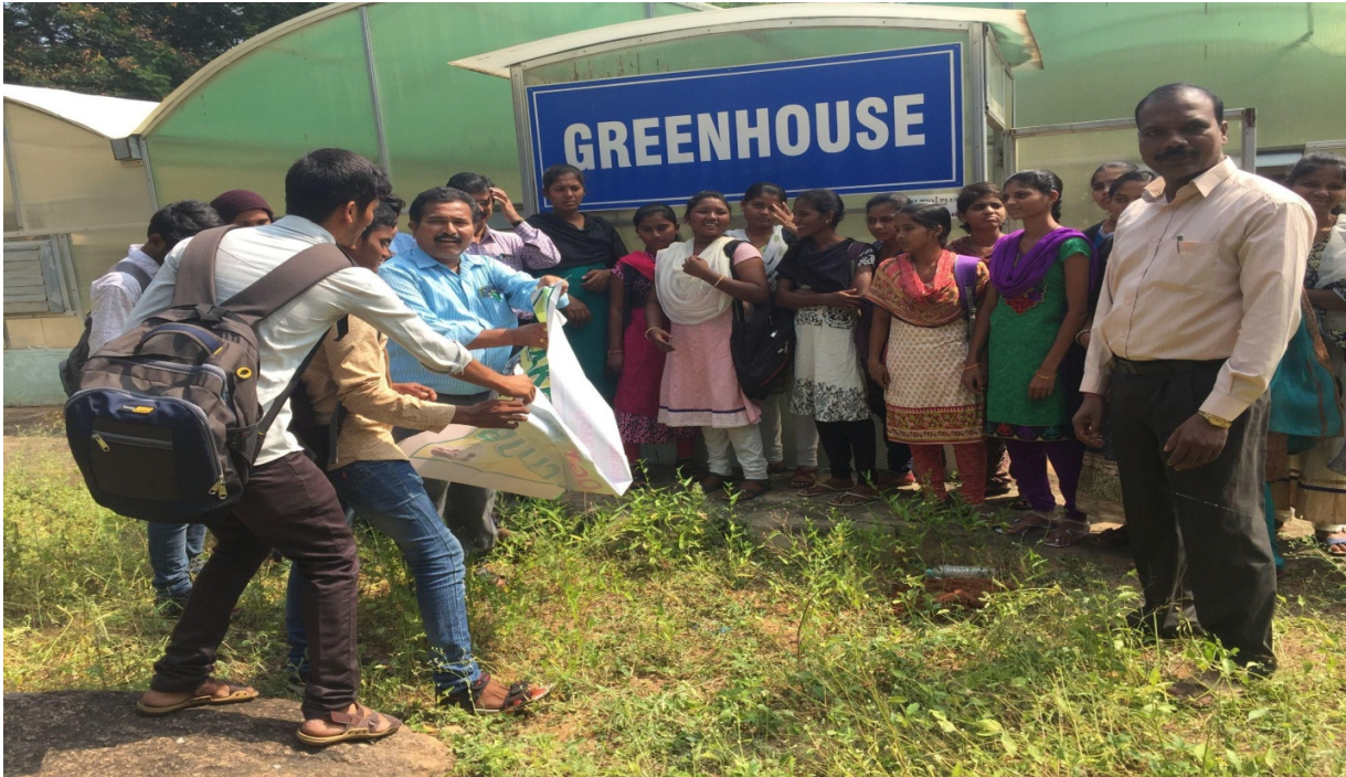
Field trip conducted to Biotechnology Dept.Kakatiya University, by Ecoclub on 3rd Nov 2017
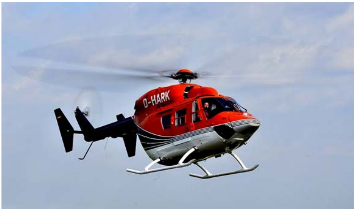
Figure 2: Polarstern Helicopter BK 117 - C1.
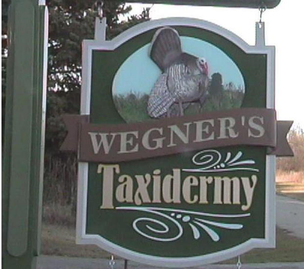
Wegner's School of Taxidermy 2214 E. Manogue Rd. Milton, Wisconsin. 53563
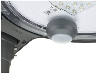
TownTune ASY BDP265
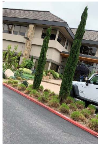
Cupressus Tiny Towers

'Tiny Tower' is a very slow growing, unique, more compact form of Italian Cypress that grows only 8 ft. tall after 10 years, eventually achieving a height of 25 ft. The rigid columnar form of dense deep blue-green foliage is a valuable accent in any location. Requires no maintenance but responds well to topiary applications

· · · · ·

*Task instructions:*
With the pictures removed, print the entries above exactly.

*Exercise result:*
Field trip conducted to Biotechnology Dept.Kakatiya University, by Ecoclub on 3rd Nov 2017
Figure 2: Polarstern Helicopter BK 117 - C1.
Wegner's School of Taxidermy 2214 E. Manogue Rd. Milton, Wisconsin. 53563
TownTune ASY BDP265
Cupressus Tiny Towers

'Tiny Tower' is a very slow growing, unique, more compact form of Italian Cypress that grows only 8 ft. tall after 10 years, eventually achieving a height of 25 ft. The rigid columnar form of dense deep blue-green foliage is a valuable accent in any location. Requires no maintenance but responds well to topiary applications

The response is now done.